The problem: The entries below contain pictures, which are to be left out; write out exactly, and only, the lines from the line with "Girl with a" up to and including the line with "红玉兰爬上枝头,守护着这满园春色".

The input below:

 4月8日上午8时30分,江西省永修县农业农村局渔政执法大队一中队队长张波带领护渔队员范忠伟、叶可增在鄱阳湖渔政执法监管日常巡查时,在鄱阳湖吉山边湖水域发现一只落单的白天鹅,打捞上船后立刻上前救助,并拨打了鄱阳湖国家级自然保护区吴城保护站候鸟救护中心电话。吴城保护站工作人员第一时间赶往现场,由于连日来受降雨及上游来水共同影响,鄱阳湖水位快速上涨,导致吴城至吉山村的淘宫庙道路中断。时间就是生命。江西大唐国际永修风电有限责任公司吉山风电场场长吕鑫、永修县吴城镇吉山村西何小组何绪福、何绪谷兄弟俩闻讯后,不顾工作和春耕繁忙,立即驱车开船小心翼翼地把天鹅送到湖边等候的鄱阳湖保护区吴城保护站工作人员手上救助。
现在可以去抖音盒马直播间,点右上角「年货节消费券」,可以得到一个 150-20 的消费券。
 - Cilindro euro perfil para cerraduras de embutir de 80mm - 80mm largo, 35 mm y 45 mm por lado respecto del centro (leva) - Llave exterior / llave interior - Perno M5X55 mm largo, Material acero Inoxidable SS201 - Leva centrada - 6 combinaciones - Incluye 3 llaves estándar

End of The input.
The input below:

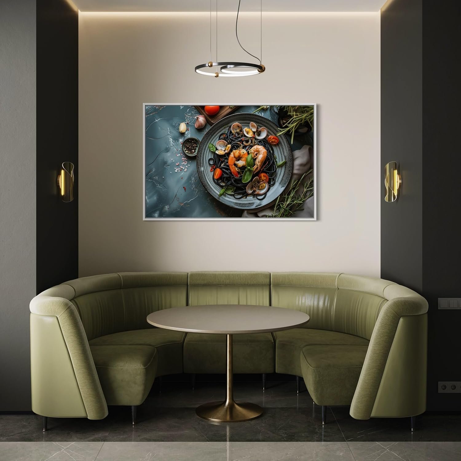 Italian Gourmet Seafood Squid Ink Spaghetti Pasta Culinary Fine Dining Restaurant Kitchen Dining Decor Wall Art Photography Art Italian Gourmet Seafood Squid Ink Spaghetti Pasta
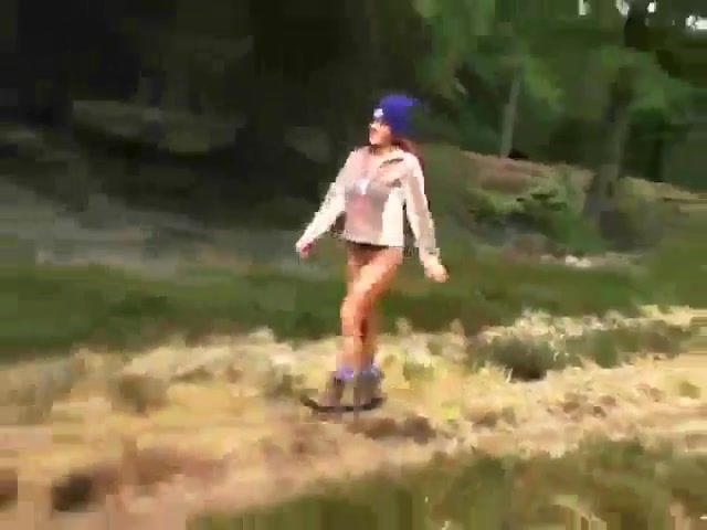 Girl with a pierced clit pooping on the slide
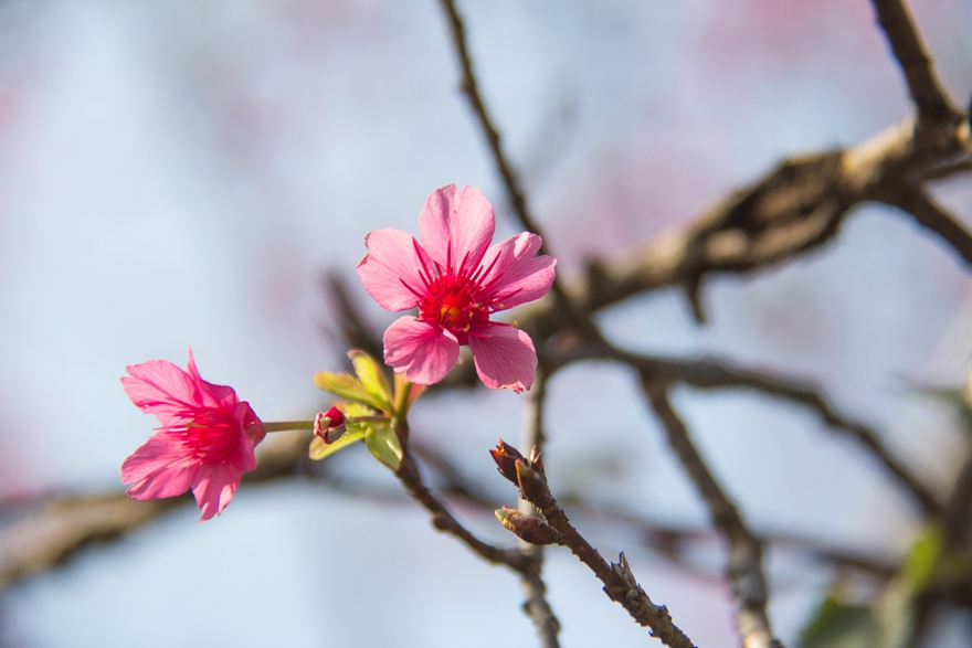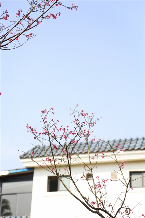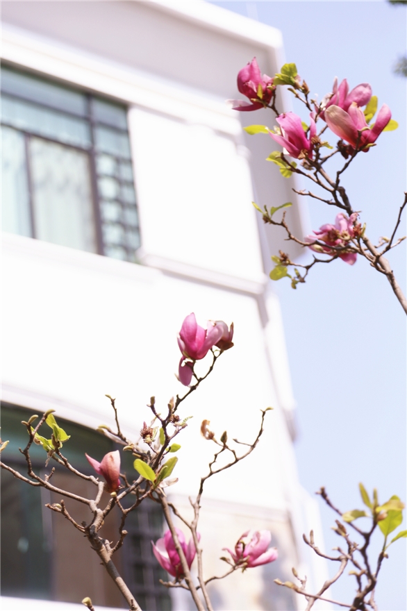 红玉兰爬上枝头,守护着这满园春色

End of The input.

Answer box:
 Girl with a pierced clit pooping on the slide
 红玉兰爬上枝头,守护着这满园春色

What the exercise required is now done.